EXERCISE GOAL> A verbatim restatement of the data, free of pictures, is what you should output.

Records from a dataset:
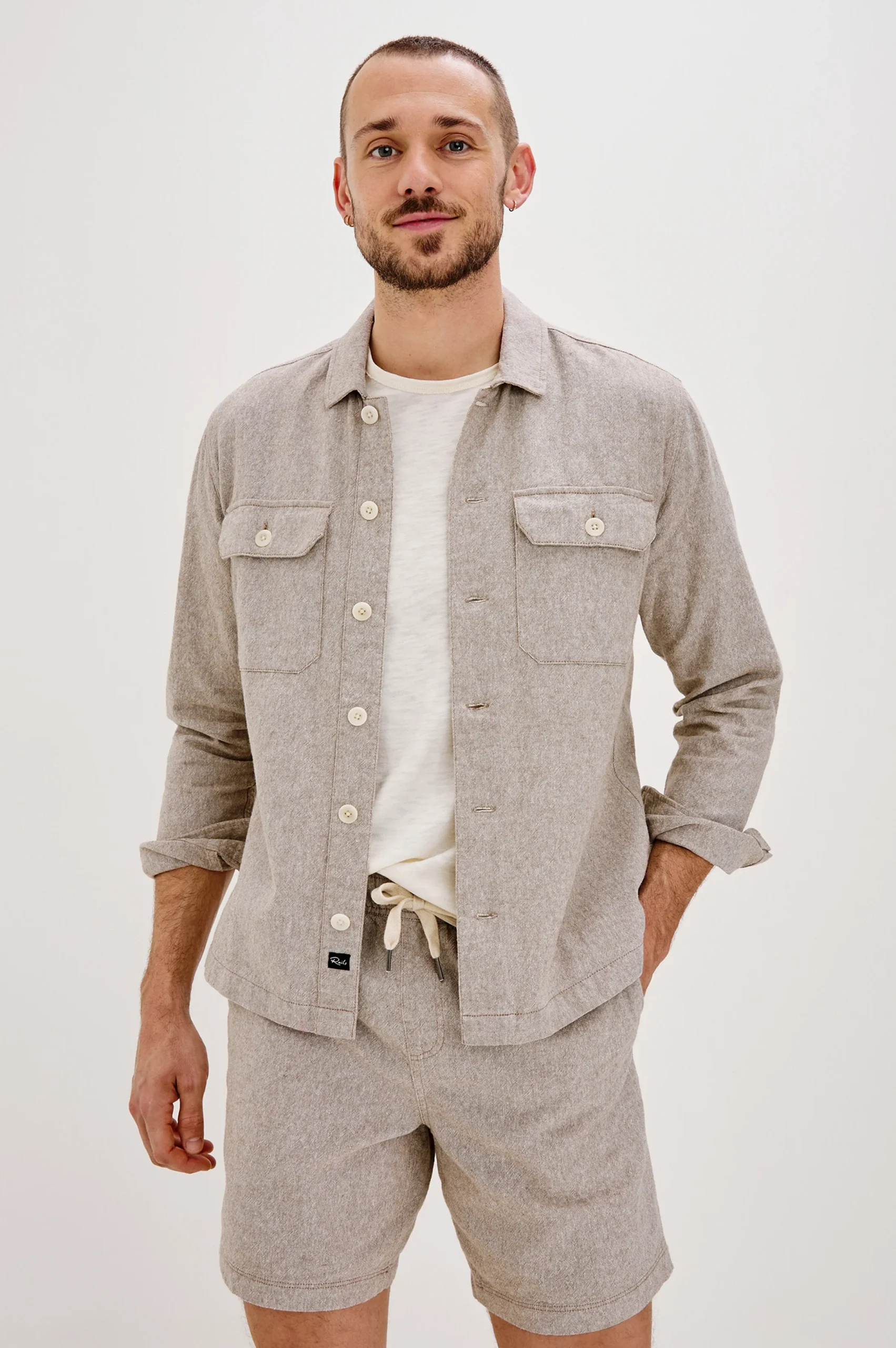 The Hayes is an essential shirt-jacket made for any season. Crafted from a durable linen-cotton slub for subtle texture, it features chest patch pockets for added character. Wear it all year long—layered up or on its own.
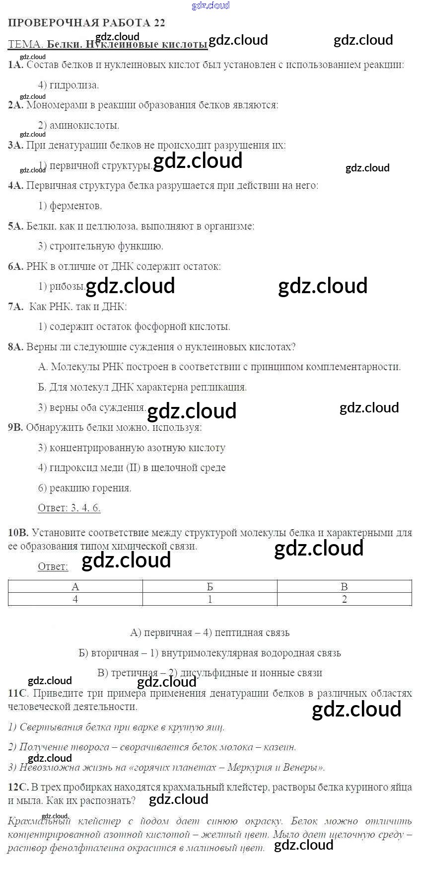 Ответы к проверочным работам по Химии 10 класс Тетрадь для оценки качества знаний Габриелян Дрофа
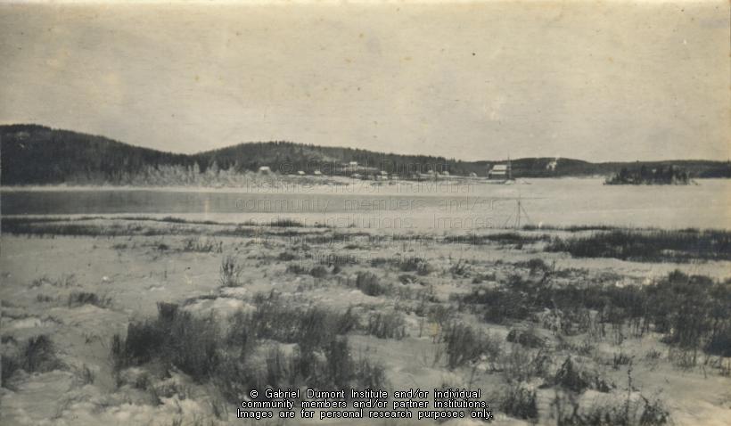 | Description: | View of Stanley Mission and the Holy Trinity Anglican church from across the lake, December 1908-1909. From the Frank J.P. Crean fonds. |
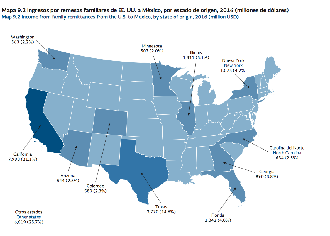 - California y Texas son los principales estados de donde provinieron las remesas a México en 2016. Le siguieron Illinois, Nueva York, Florida y Georgia.
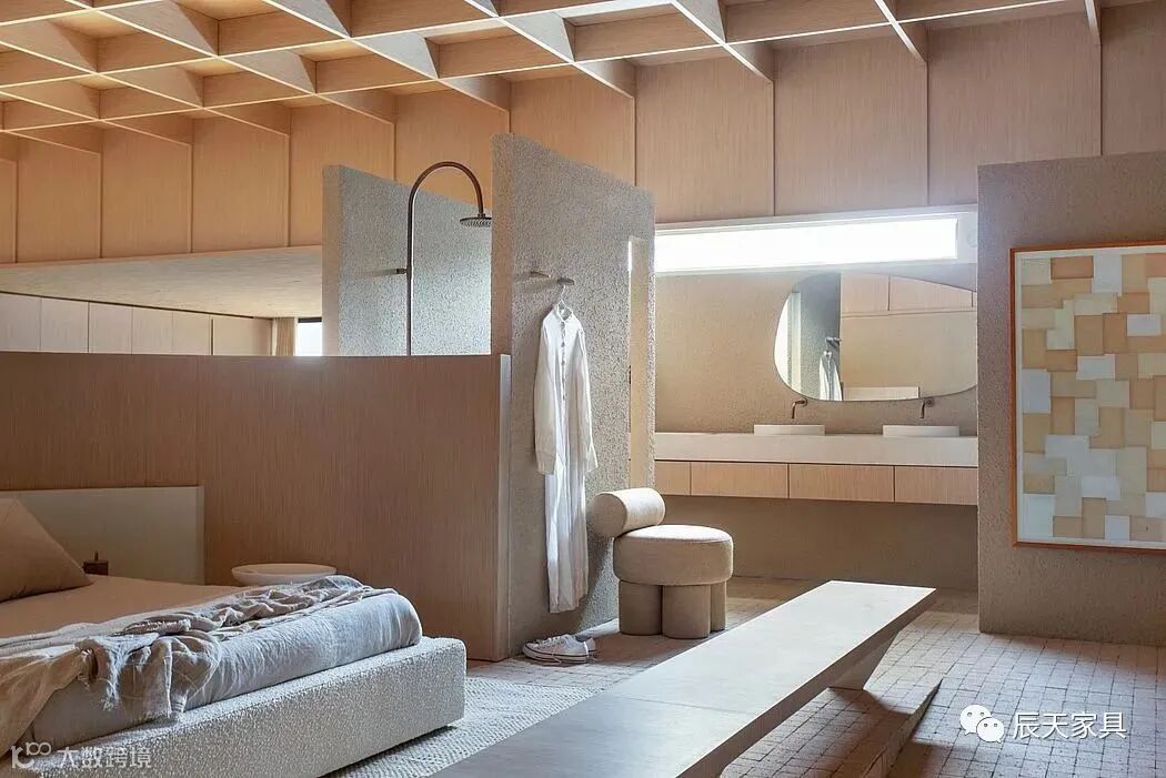 进入套房,沿着坡道走,卧室的极简环境营造出温馨、轻盈的氛围,突出了设计师专为展览设计的床。紧挨着它的是具有体积感的浴室,结合其他房间构成了精致的外观。
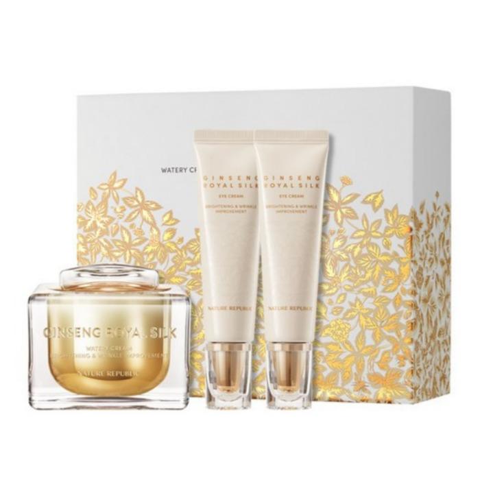The Nature Republic Ginseng Royal Silk Watery Cream & Eye Cream Set is a luxurious anti-aging skincare collection designed to deliver intensive hydration, nourishment, and elasticity care. Formulated with red ginseng extract, royal jelly, silk amino acids, and gold, this premium set helps improve skin texture and radiance while caring for delicate eye areas. Ideal for daily skincare routines targeting dryness, dullness, and early signs of aging.

RESPONSE TO THIS TASK>
 The Hayes is an essential shirt-jacket made for any season. Crafted from a durable linen-cotton slub for subtle texture, it features chest patch pockets for added character. Wear it all year long—layered up or on its own.
 Ответы к проверочным работам по Химии 10 класс Тетрадь для оценки качества знаний Габриелян Дрофа
 | Description: | View of Stanley Mission and the Holy Trinity Anglican church from across the lake, December 1908-1909. From the Frank J.P. Crean fonds. |
 - California y Texas son los principales estados de donde provinieron las remesas a México en 2016. Le siguieron Illinois, Nueva York, Florida y Georgia.
 进入套房,沿着坡道走,卧室的极简环境营造出温馨、轻盈的氛围,突出了设计师专为展览设计的床。紧挨着它的是具有体积感的浴室,结合其他房间构成了精致的外观。
The Nature Republic Ginseng Royal Silk Watery Cream & Eye Cream Set is a luxurious anti-aging skincare collection designed to deliver intensive hydration, nourishment, and elasticity care. Formulated with red ginseng extract, royal jelly, silk amino acids, and gold, this premium set helps improve skin texture and radiance while caring for delicate eye areas. Ideal for daily skincare routines targeting dryness, dullness, and early signs of aging.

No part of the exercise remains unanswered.